Dr. Beaman: I’m sorry, you have the wrong number. No, there’s no “Mark” here. My name? It’s Mark. No.. I spell it with a C. Who put you up to this? What do you mean you’re my “wife”? O-kay.. if you’re my “wife”, what’s our cat’s name? [ a beat ] Mr. Stitches. Damn, you’re good! [ hangs up ]

[ Nurse Jennifer enters ]

Nurse Jennifer: Doctor? The Framinghams are here to see you.

Dr. Beaman: Oh, good. Send them right in.

Nurse Jennifer: By the way, can I get Tuesday off for a modeling job?

Dr. Beaman: Absolutely.

[ Jennifer exits, as the Framinghams enter ]
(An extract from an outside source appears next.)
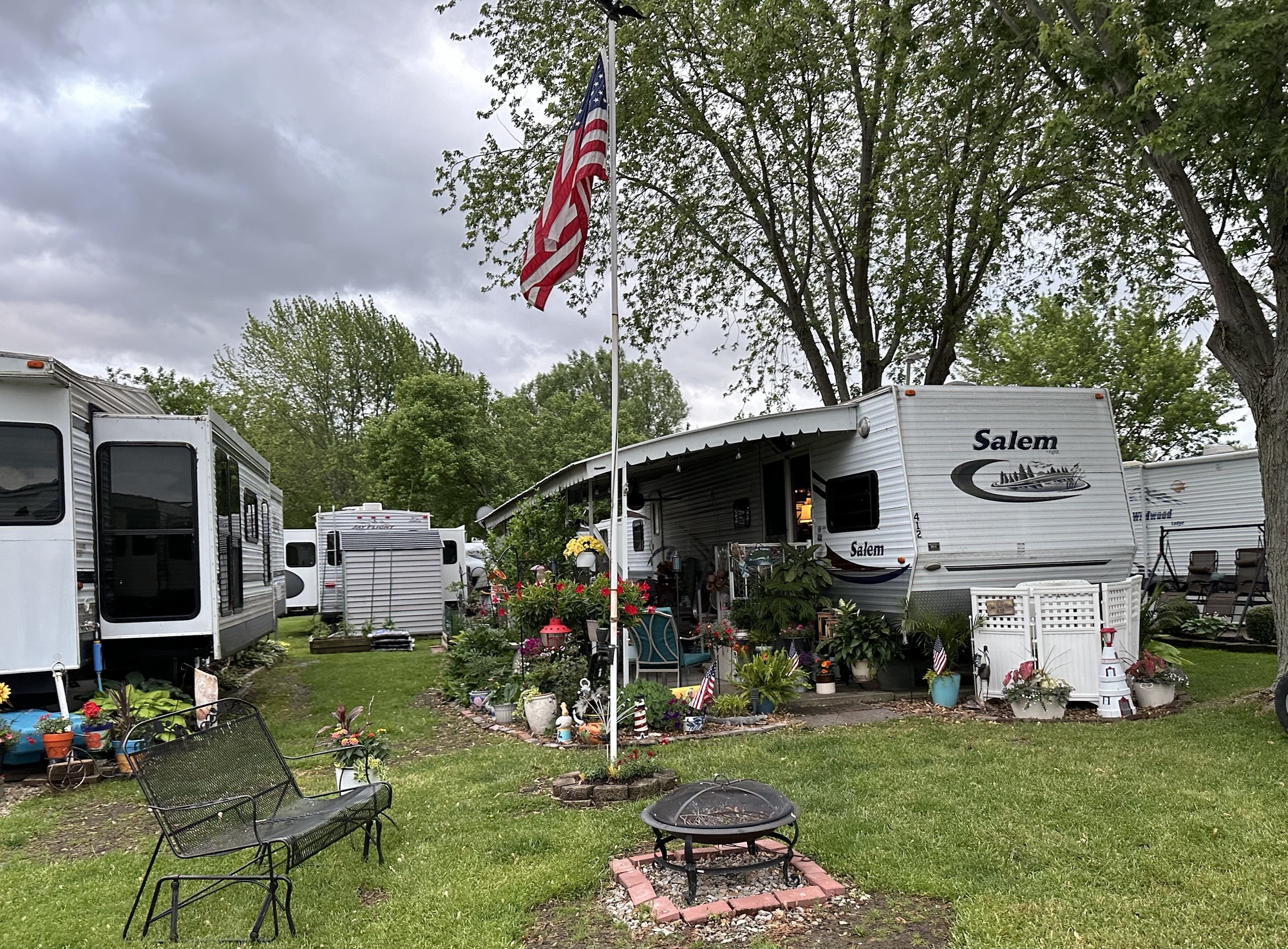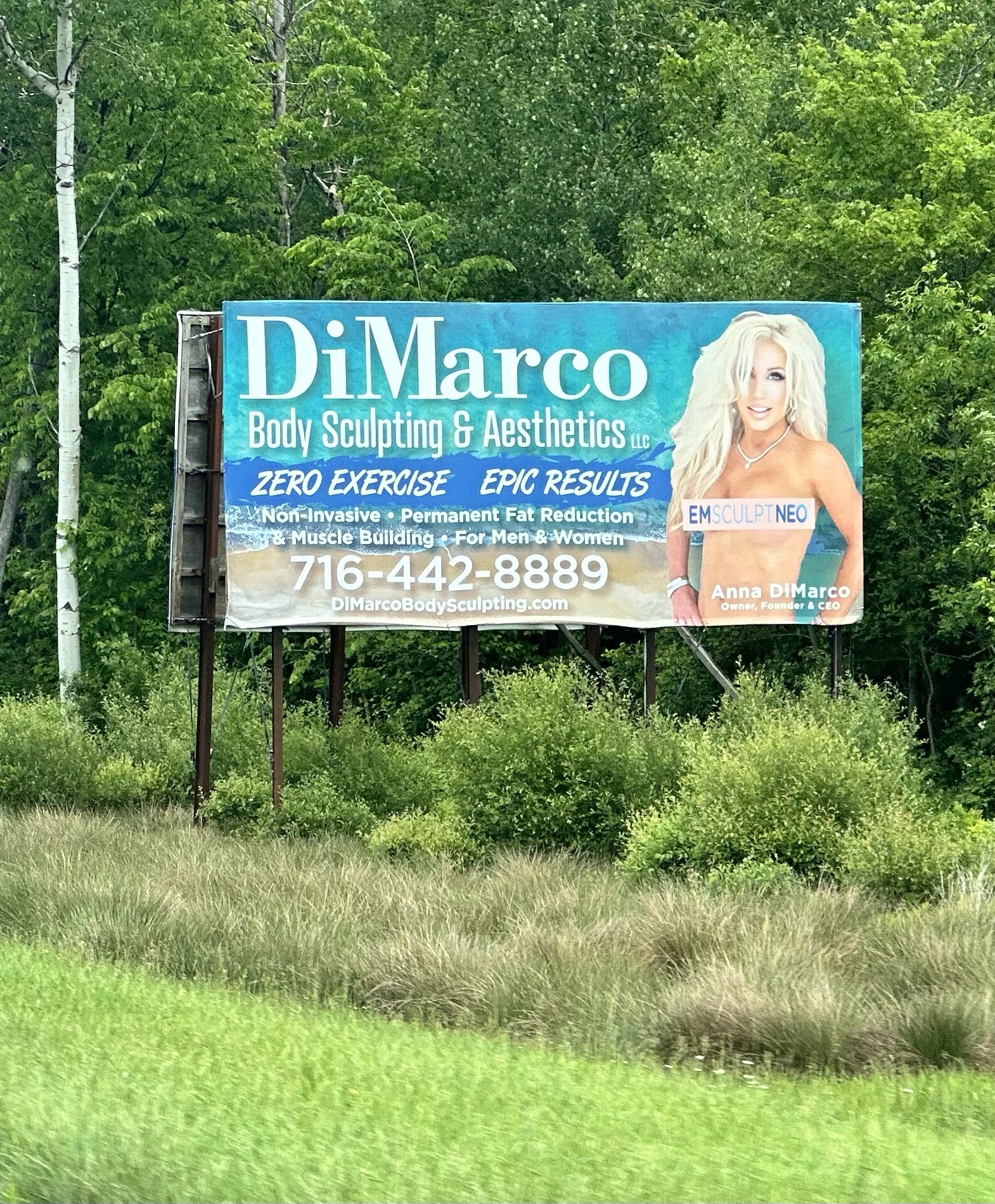 The storms from Lake Michigan seemed to chase us East as we progressed from Indiana into Ohio, through the tip of Pennsylvania and into New York State. Flooded campgrounds were the norm, along with marooned golf buggies (transport of choice around a ‘seasonal’ campground!) Not too much of note other than surprise at the promises on a billboard, and shock at some of the billboards, at the amount of stock in RV manufacturer’s yards and fields that we passed. The vast majority are built in Indiana and it seems they did a bad job at forecasting demand post Covid. The market has dropped like a stone for new, as the barely new ‘in reality we didn’t enjoy camping’ stuff is for sale at silly prices on the internet. In contrast, we were surprised at the mount of vineyards we passed, on a sizeable scale too. No doubt the rainfall contributes to the green and pleasant land, and being the ‘older states’ they have a different look and feel.

Dr. Beaman: Hi. Hello. Tom.

Kathy: Hello, Doctor!

Dr. Beaman: Very good to see you. Please, have a seat.

[ The Framinghams sit ]

Kathy: So, how is our baby?

Dr. Beaman: Well, I.. I don’t want to keep you in suspense here, so we’ll just get right into it. [ phone rings ] Hold on. [ answer phone ] Hello? Beverly! How the hell- what?! NO!! Old Chester? A palimino? They’re beautiful! Ye-es! They’re gorgeous! Beautiful, golden fur! Uh-huh! Yes! Why, I’ve got all the time in the world!

Tom: [ clears throat ]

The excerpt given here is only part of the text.